Mitos e verdades sobre a vacina contra o sarampo.

Desde 2014 não se tem notícias de casos de sarampo no Brasil, em 2016 uma nota da OMS (Organização Mundial da Saúde), reconhecia que a doença havia sido erradicada das Américas.

Mas notícias de dois surtos da doença eclodiram no Brasil no início de 2018, fazendo o Ministério da Saúde recomendar a toda população se vacinar contra o sarampo (saiba mais sobre a doença no site do Ministério da Saúde).

Muitas vezes por culpa das redes sociais e principalmente das “fake news” ou notícias falsas propagadas nelas, muitas pessoas deixam de se imunizar temendo problemas de saúde causados pela vacina.

As agências de saúde tem trabalhado arduamente para mudar essa consciência, inclusive o próprio Ministério da Saúde tem investido fortemente contra tais notícias falaciosas, criando campanhas de comunicação para combatê-las e minimizar os prejuízos à população em geral.

Vamos então a alguns mitos e algumas verdades sobre a doença:

É verdade que a pessoa que já teve sarampo não “pega” novamente?

Sim, é verdade. Uma vez adquirida a doença o nosso próprio organismo cria anticorpos, impedindo dessa forma nova contaminação. Isto também ocorre com a rubéola, catapora e outras enfermidades.

É verdade que adultos não contraem a doença?

É falso. De acordo com organizações da saúde, a probabilidade de infecção é maiores entre mulheres grávidas e crianças pequenas não imunizadas. Mas qualquer pessoa de qualquer idade ou sexo que não estejam imunizadas podem sim ser infectadas.
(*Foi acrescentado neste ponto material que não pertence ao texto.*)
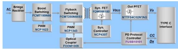 由于電源輸出功率在75W以上,就需要在電路設(shè)計(jì)中增加PFC電路來(lái)達(dá)到高功率因數(shù)下的行業(yè)標(biāo)準(zhǔn)。因此,本方案除了采用onsemi旗下新一代QR Flyback控制器NCP1343外,還在電路前級(jí)使用onsemi NCP1623作為PFC級(jí)的控制,提高了設(shè)計(jì)需求。并在輸出控制級(jí)增加onsemi FUSE15101的設(shè)計(jì)滿足了PD3.0/PPS協(xié)議標(biāo)準(zhǔn)。

É verdade que idosos e gestantes não podem receber a vacina contra o sarampo?

A recomendação do Ministério da Saúde é que, para idosos e gestantes não tomem as vacinas.

Os idosos pelo fato de se entender que possam ter sido infectados anteriormente e as gestantes pelo fato do risco à gravidez, neste último caso recomenda a vacinação após o parto. Caso haja um planejamento para engravidar, a recomendação é a imunização pelo menos um mês antes da gravidez.

É verdade que adultos não podem se vacinar?

Isso é falso, um mito. A recomendação é maior para o público infantil, por causa de maiores riscos em adquirir a doença, mas adultos e adolescentes que não foram imunizados devem sim tomar a vacina.

O Ministério inclusive indica que se a pessoa não tiver certeza se já teve a doença ou tomou a vacina, pode procurar um posto de saúde e receber uma dose, pois a vacina não causa problemas.